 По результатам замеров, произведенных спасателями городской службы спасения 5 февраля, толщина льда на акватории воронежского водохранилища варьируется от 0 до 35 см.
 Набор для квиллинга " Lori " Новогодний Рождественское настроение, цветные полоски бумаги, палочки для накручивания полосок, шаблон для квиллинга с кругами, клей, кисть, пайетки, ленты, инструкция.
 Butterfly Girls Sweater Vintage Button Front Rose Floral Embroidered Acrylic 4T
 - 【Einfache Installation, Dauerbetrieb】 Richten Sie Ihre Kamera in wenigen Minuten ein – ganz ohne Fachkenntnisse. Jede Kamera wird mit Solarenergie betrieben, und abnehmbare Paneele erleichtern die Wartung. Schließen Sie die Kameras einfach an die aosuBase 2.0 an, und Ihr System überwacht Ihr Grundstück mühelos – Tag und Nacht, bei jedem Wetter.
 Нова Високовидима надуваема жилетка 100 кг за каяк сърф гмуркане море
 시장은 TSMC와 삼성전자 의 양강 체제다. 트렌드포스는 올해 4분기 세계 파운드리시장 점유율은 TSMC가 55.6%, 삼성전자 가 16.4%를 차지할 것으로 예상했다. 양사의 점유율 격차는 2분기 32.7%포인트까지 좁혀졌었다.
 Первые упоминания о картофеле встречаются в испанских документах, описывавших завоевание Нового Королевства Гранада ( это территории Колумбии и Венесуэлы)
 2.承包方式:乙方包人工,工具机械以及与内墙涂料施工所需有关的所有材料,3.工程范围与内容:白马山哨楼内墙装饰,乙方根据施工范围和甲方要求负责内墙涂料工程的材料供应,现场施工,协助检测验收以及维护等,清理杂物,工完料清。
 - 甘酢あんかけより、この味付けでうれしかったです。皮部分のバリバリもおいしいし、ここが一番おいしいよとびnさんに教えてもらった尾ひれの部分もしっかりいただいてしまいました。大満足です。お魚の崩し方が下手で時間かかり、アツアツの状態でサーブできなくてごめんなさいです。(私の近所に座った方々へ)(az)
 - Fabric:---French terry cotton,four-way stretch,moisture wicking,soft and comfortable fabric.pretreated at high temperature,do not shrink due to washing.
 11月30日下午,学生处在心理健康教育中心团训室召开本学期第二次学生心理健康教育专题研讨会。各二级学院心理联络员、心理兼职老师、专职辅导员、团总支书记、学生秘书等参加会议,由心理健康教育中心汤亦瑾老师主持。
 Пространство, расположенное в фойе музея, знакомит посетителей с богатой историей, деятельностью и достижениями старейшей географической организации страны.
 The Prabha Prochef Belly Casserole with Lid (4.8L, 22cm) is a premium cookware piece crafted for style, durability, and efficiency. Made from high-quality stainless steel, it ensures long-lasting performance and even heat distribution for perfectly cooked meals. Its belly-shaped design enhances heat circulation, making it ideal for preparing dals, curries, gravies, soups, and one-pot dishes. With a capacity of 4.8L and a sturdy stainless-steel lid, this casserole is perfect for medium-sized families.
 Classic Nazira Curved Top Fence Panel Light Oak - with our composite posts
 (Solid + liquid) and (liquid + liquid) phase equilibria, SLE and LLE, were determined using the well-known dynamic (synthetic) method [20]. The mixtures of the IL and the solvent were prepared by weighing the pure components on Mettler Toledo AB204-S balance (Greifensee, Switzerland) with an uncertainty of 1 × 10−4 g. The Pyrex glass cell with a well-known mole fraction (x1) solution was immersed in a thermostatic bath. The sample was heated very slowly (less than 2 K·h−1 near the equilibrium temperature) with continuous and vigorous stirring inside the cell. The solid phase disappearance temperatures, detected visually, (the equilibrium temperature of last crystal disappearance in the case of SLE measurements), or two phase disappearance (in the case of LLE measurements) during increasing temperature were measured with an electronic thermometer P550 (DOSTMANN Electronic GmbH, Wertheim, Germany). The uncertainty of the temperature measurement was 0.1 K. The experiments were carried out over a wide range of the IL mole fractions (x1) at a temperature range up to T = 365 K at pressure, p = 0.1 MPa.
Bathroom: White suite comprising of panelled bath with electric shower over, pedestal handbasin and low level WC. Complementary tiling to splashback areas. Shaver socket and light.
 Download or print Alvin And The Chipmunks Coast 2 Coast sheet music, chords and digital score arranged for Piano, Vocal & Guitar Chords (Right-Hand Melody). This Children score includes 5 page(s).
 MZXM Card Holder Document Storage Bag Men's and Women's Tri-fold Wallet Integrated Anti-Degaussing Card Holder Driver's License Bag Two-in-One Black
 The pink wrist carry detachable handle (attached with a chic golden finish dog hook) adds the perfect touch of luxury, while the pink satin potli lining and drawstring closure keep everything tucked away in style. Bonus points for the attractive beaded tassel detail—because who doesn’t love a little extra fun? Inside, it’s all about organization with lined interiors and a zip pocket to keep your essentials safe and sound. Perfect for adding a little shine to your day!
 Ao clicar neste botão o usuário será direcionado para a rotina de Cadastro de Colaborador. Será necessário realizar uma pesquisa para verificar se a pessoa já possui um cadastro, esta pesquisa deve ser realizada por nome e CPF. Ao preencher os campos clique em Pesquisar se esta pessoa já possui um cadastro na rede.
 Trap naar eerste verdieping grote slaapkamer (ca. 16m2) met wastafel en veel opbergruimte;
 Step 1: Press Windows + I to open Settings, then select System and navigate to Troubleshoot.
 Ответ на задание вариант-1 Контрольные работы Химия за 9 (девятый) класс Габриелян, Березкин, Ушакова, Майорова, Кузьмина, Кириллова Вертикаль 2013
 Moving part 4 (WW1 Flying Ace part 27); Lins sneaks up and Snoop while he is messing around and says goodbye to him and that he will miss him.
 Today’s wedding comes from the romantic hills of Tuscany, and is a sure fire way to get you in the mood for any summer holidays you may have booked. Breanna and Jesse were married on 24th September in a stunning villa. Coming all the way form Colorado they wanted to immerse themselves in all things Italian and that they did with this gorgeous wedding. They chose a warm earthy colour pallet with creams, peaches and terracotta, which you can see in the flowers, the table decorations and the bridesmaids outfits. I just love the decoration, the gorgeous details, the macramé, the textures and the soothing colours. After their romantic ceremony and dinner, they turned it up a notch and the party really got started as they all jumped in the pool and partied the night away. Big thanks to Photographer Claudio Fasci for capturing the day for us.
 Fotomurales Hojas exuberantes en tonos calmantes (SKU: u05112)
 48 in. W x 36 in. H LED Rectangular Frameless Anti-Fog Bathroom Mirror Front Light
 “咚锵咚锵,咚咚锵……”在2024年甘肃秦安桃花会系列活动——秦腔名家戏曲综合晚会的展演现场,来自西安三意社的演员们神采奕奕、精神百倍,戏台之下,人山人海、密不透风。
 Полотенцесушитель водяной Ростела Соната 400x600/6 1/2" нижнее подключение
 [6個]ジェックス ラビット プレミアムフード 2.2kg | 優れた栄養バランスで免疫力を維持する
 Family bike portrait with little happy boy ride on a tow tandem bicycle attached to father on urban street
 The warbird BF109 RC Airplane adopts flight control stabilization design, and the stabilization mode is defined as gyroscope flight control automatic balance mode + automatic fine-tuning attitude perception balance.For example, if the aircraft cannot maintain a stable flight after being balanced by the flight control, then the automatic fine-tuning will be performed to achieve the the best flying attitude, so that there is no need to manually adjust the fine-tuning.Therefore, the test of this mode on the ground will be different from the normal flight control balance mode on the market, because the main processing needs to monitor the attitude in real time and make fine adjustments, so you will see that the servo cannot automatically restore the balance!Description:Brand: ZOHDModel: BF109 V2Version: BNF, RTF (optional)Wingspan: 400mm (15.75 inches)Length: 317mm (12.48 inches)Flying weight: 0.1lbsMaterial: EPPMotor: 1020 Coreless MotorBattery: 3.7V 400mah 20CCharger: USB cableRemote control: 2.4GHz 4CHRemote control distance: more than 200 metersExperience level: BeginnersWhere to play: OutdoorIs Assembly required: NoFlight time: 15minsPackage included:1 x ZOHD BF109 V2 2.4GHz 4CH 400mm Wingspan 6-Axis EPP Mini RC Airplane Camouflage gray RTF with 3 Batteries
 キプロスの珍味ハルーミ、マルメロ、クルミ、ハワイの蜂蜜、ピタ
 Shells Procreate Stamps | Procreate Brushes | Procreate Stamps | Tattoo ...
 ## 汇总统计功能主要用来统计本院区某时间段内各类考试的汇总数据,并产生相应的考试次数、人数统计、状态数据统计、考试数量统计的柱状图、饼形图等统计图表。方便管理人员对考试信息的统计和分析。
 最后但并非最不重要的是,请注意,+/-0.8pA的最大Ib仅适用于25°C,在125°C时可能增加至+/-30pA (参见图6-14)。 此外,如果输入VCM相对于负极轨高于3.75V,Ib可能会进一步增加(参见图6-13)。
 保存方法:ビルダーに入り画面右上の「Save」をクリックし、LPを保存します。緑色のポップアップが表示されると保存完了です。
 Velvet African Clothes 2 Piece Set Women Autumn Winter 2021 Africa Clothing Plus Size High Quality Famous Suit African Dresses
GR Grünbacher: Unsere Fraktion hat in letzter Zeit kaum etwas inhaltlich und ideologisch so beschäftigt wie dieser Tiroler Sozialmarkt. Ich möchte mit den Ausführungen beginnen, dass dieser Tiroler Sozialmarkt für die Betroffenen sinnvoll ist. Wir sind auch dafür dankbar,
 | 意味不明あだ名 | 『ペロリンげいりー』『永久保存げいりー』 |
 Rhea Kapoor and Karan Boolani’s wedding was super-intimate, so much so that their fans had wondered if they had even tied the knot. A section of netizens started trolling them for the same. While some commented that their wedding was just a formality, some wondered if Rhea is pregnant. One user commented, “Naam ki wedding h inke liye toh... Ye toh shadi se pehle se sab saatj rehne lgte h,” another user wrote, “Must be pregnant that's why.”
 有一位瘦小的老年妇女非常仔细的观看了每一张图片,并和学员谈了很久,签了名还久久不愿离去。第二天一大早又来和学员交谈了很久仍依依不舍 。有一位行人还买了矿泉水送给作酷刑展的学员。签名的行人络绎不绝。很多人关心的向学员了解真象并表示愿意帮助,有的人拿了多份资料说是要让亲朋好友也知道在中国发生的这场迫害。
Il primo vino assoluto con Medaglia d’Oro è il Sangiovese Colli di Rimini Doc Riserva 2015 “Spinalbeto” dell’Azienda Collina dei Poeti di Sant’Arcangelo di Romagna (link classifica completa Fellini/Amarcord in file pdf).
━━━━━━━━━━
Lines with the string "Bathroom": say how many appear in the entries above, giving the number alone.

2